By Kelly Kwon, Data Analyst, Polaris Marketing Research

Segmentation (Cluster Analysis)

Segmentation analysis is a statistical technique that researchers use to classify customers who have similar needs or characteristics and who are likely to exhibit similar purchasing or usage behavior. Advance statistical analysis software allows marketing researchers to compare respondents’ answers to a questionnaire, and put them into groups, where members share properties in common. These “clusters” contain actual or potential customers who can be expected to respond in a similar way to a product or a service offering. With the information gained from cluster analysis, companies can customize sales tactics and modify product offering to better address the underlying value propositions that will most likely appeal to a given customer set.
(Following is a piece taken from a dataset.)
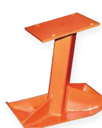
165 mm de ancho XA = completamente de acero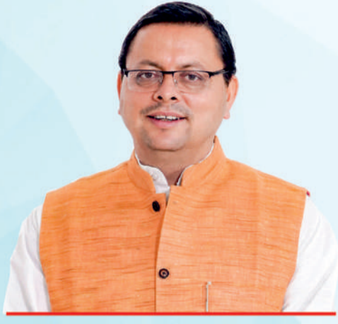
पुष्कर सिंह धामी मुख्यमंत्री, उत्तराखण्ड

At Polaris, we often use two advance analysis techniques to segment our client’s customers – Maximum Difference Analysis (usually referred to as MaxDiff) and Conjoint. Although MaxDiff shares common techniques with conjoint analysis, it’s easier to use (for respondent, researchers, and end client) and applicable to a broader variety of research situations. However, MaxDiff is not a substitute for a conjoint, as conjoint offers unique benefits for studying products or services made up of complex features added together.

MaxDiff

The goal of MaxDiff analysis is to assess which attributes are the most important for respondents. The advantage of Max-Diff analysis is the forced nature of the question. For example, we ask respondents to pick one attribute that’s most important and one that’s least important from a group of four attributes.

MaxDiff Chart

Due to variety of different possible combinations, this question will be repeated nine times with random four choices from a list of 12. With advance statistical software, such as Sawtooth, we can categorize an individual based on what is important to them. With the above MaxDiff question for example, we can categorize a respondent in one of two segments – those who are “knowledge” focused and those who are “convenience” focused.

Segment Pie Chart

Also, by labeling the database as segment 1 or 2, we can easily run crosstabulation and explore how differently or similarly the segments answered other questions in the survey.
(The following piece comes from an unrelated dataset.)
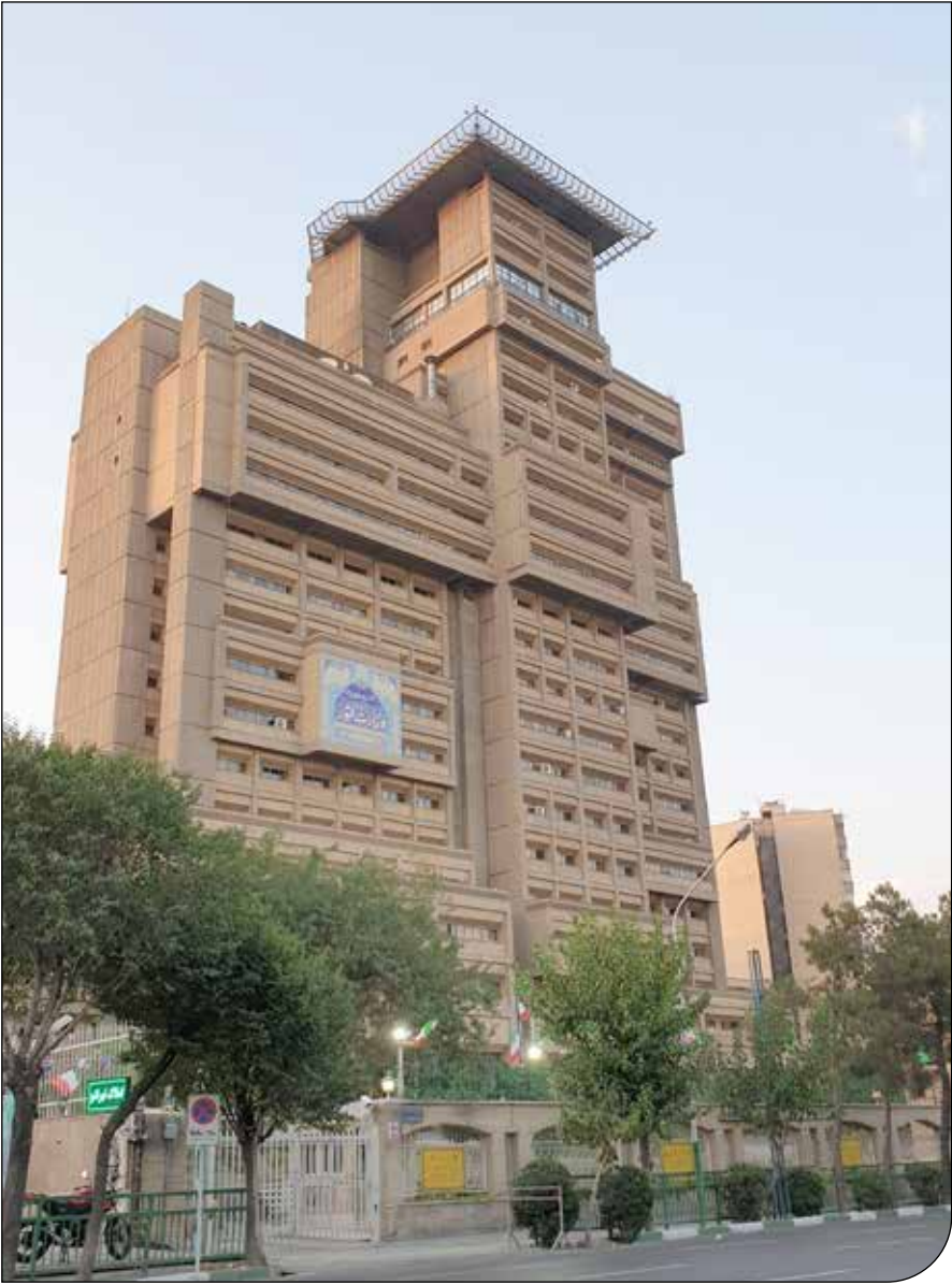
— balachir — (تصویر)

وزارت علوم همچنان در برابر اخراج گسترده استادان دانشگاه ساکت است

Although easy to answer, MaxDiff questions can be very tedious for respondents to complete, resulting in early break-off and incompletes. Thus, it is important to design the questionnaire in a way that helps respondents understand what to expect. Additionally, the fewer the attributes, the easier it is for respondents to complete the series of tasks.

Conjoint

Conjoint evaluates how customers make tradeoffs between various product features and outputs an assessment of the relative importance of attributes on a product set. It is based on the premise that the relative importance of product attributes are more accurately measured when evaluated together rather than individually. The procedure uses manageable, random subsets of all the possible combinations of attributes being tested to determine the relative importance of each. Please see example below:

Conjoint Chart

In this example, the question wording was “Which option would you choose to buy?” The goal of this analysis was to test the attractiveness of various features, including brand, cost, design, and warranty.

With analytical software, conjoint analysis estimated the value consumers placed on each attribute, determining the degree to which each affected overall preference. From the example above, in addition to price, warranty and brand was important system feature to consumers, and concept design was the least important consideration.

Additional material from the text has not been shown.